| RECORDS FOR PROCESSING |
▬▬▬
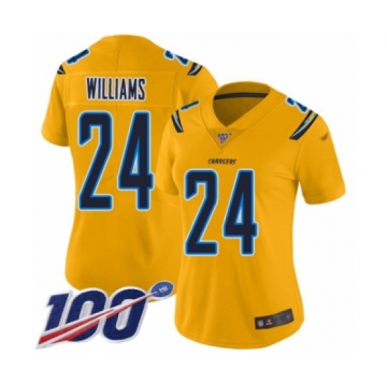 >Women's Los Angeles Chargers #24 Trevor Williams Limited Gold Inverted Legend 100th Season Football Jersey
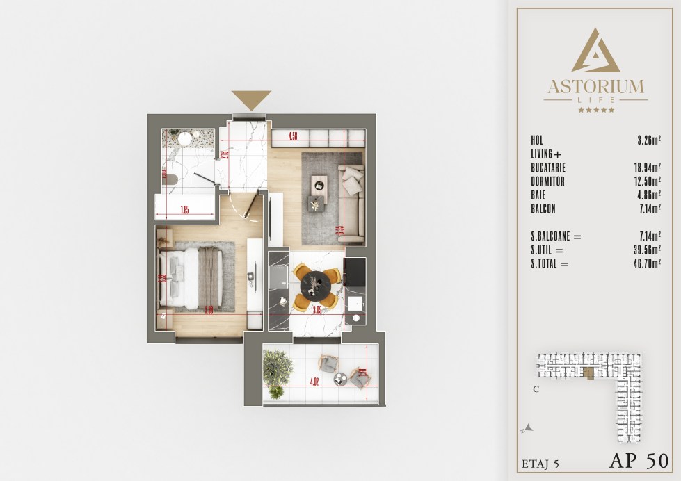 Apartament Studio camere Bloc C etaj 5 nr. 50 – Astorium Life
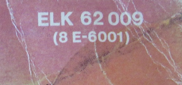 Cat# 'ELK 62 009' on back cover, spine and labels.
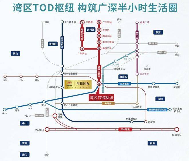 项目坐落在南沙枢纽核心地带,紧邻地铁18号线首发站——万顷沙站。地铁就在家门口,步行几分钟就能进站,4站直达珠江新城,通勤效率很高。加上深中通道万顷沙出口近在咫尺,开车去深圳宝安中心区基本可以控制在半小时左右。这种“地铁+高速”的双快速交通格局,让广州和深圳两大核心CBD都纳入日常半小时生活圈,工作生活两不误。
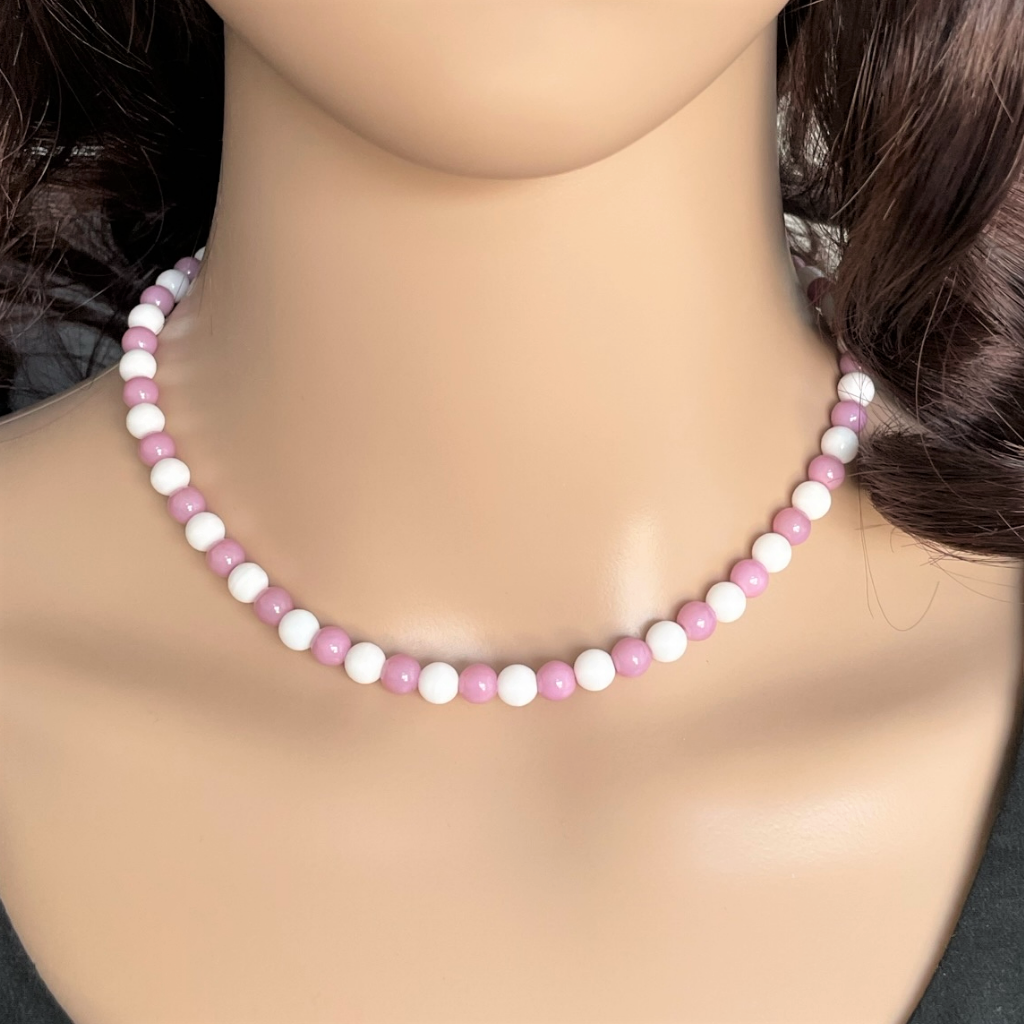 This necklace featuring lavender and white beads is ideal for adding style to your everyday look. The fashionable lavender beads bring a splash of color, complemented by timeless white beads for a balanced design. Measuring 14" with 6mm Czech glass beads, it fastens securely with a lobster clasp. Elevate your outfit effortlessly with this charming accessory.
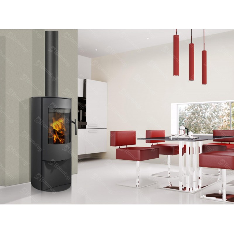 Romotop Alpera E03 krbová kamna, plech"Prostorově nenáročná kompaktní kamna s oblíbenou oválnou základnou".
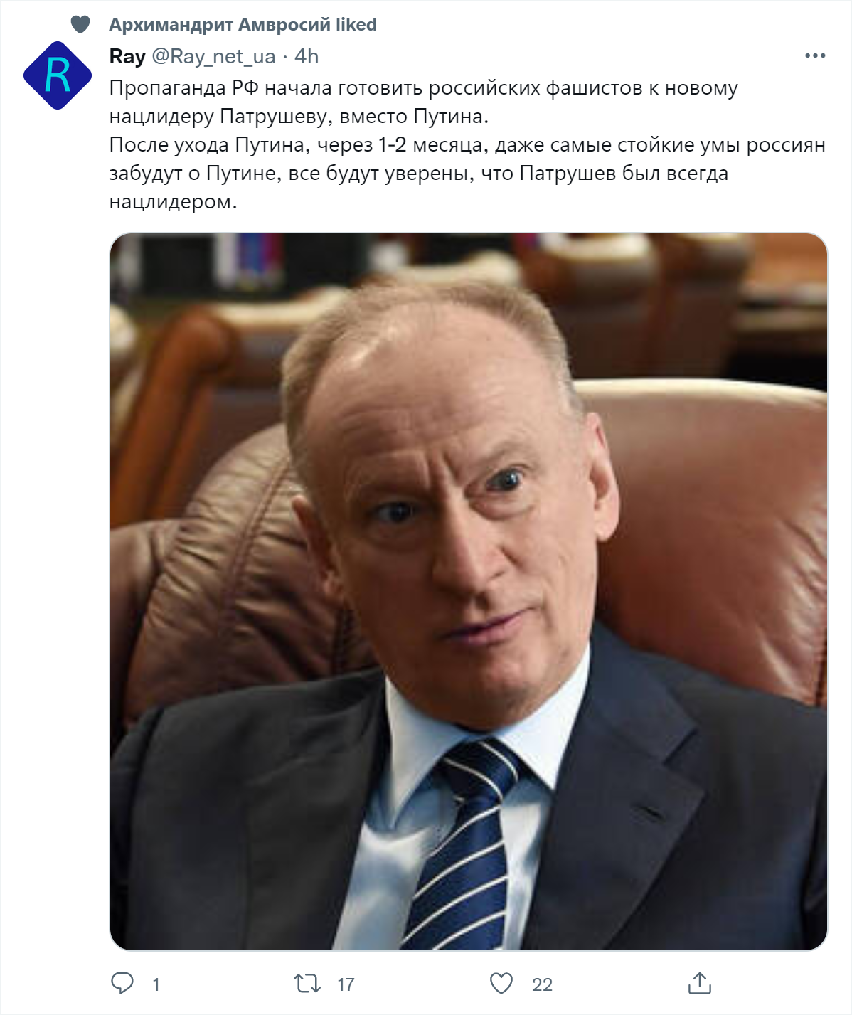 Патрушев - лысый. Он не вписывается в схему "лысый - волосатый" 😜
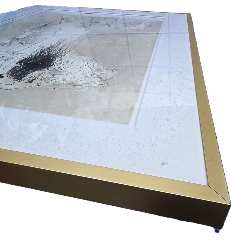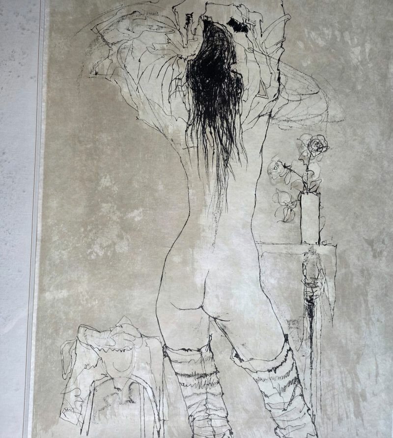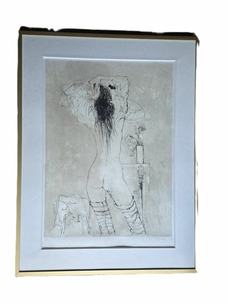 Jean Jansem (1920-2013) lithographie originale à l’encre noire sur papier Japon, intitulée « nu de dos à la rose ». Elle est signée au crayon par l’artiste en bas à droite et numérotée (III/L) en bas à gauche. Produite vers 1970, montée dans un cadre de la même époque en alu doré et protégée par un verre.
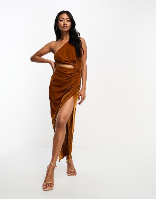 Vestido semilargo dorado con detalle anudado y abertura de terciopelo de ASOS DESIGN Very well made.
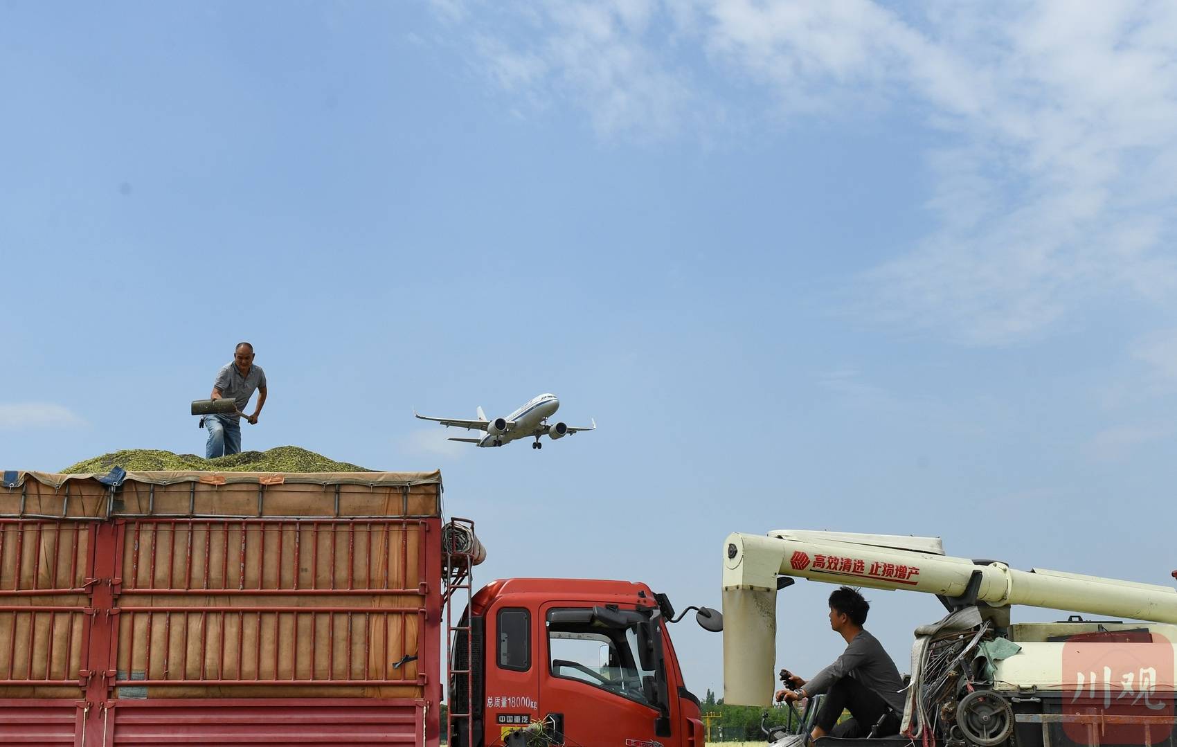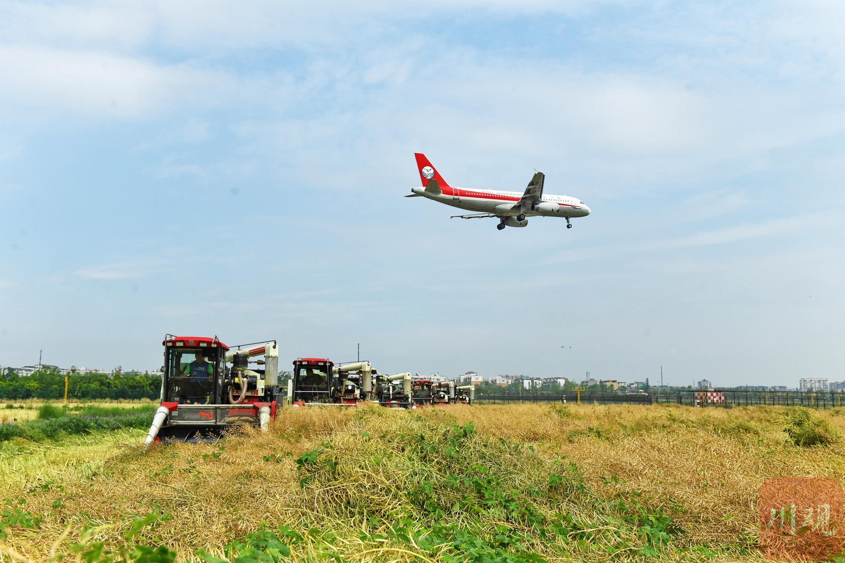 2025 年5月7日,位于成都市双流区东升街道环港绿洲,收割机正在作业收割油菜籽,正值油菜籽丰收期,为确保油菜籽颗粒归仓,当地抢抓晴好天气,组织 6 台收割机加快油菜籽收割进程。一架架大飞机不时从头顶呼啸而过,与抢收油菜籽的收割机同框,成为别样的风景线。
▬▬▬
| INSTRUCTIONS FOR THE TASK |
Only the pictures are to be left out; write out all the other data exactly.

| SOLUTION |
 >Women's Los Angeles Chargers #24 Trevor Williams Limited Gold Inverted Legend 100th Season Football Jersey
 Apartament Studio camere Bloc C etaj 5 nr. 50 – Astorium Life
 Cat# 'ELK 62 009' on back cover, spine and labels.
 项目坐落在南沙枢纽核心地带,紧邻地铁18号线首发站——万顷沙站。地铁就在家门口,步行几分钟就能进站,4站直达珠江新城,通勤效率很高。加上深中通道万顷沙出口近在咫尺,开车去深圳宝安中心区基本可以控制在半小时左右。这种“地铁+高速”的双快速交通格局,让广州和深圳两大核心CBD都纳入日常半小时生活圈,工作生活两不误。
 This necklace featuring lavender and white beads is ideal for adding style to your everyday look. The fashionable lavender beads bring a splash of color, complemented by timeless white beads for a balanced design. Measuring 14" with 6mm Czech glass beads, it fastens securely with a lobster clasp. Elevate your outfit effortlessly with this charming accessory.
 Romotop Alpera E03 krbová kamna, plech"Prostorově nenáročná kompaktní kamna s oblíbenou oválnou základnou".
 Патрушев - лысый. Он не вписывается в схему "лысый - волосатый" 😜
 Jean Jansem (1920-2013) lithographie originale à l’encre noire sur papier Japon, intitulée « nu de dos à la rose ». Elle est signée au crayon par l’artiste en bas à droite et numérotée (III/L) en bas à gauche. Produite vers 1970, montée dans un cadre de la même époque en alu doré et protégée par un verre.
 Vestido semilargo dorado con detalle anudado y abertura de terciopelo de ASOS DESIGN Very well made.
 2025 年5月7日,位于成都市双流区东升街道环港绿洲,收割机正在作业收割油菜籽,正值油菜籽丰收期,为确保油菜籽颗粒归仓,当地抢抓晴好天气,组织 6 台收割机加快油菜籽收割进程。一架架大飞机不时从头顶呼啸而过,与抢收油菜籽的收割机同框,成为别样的风景线。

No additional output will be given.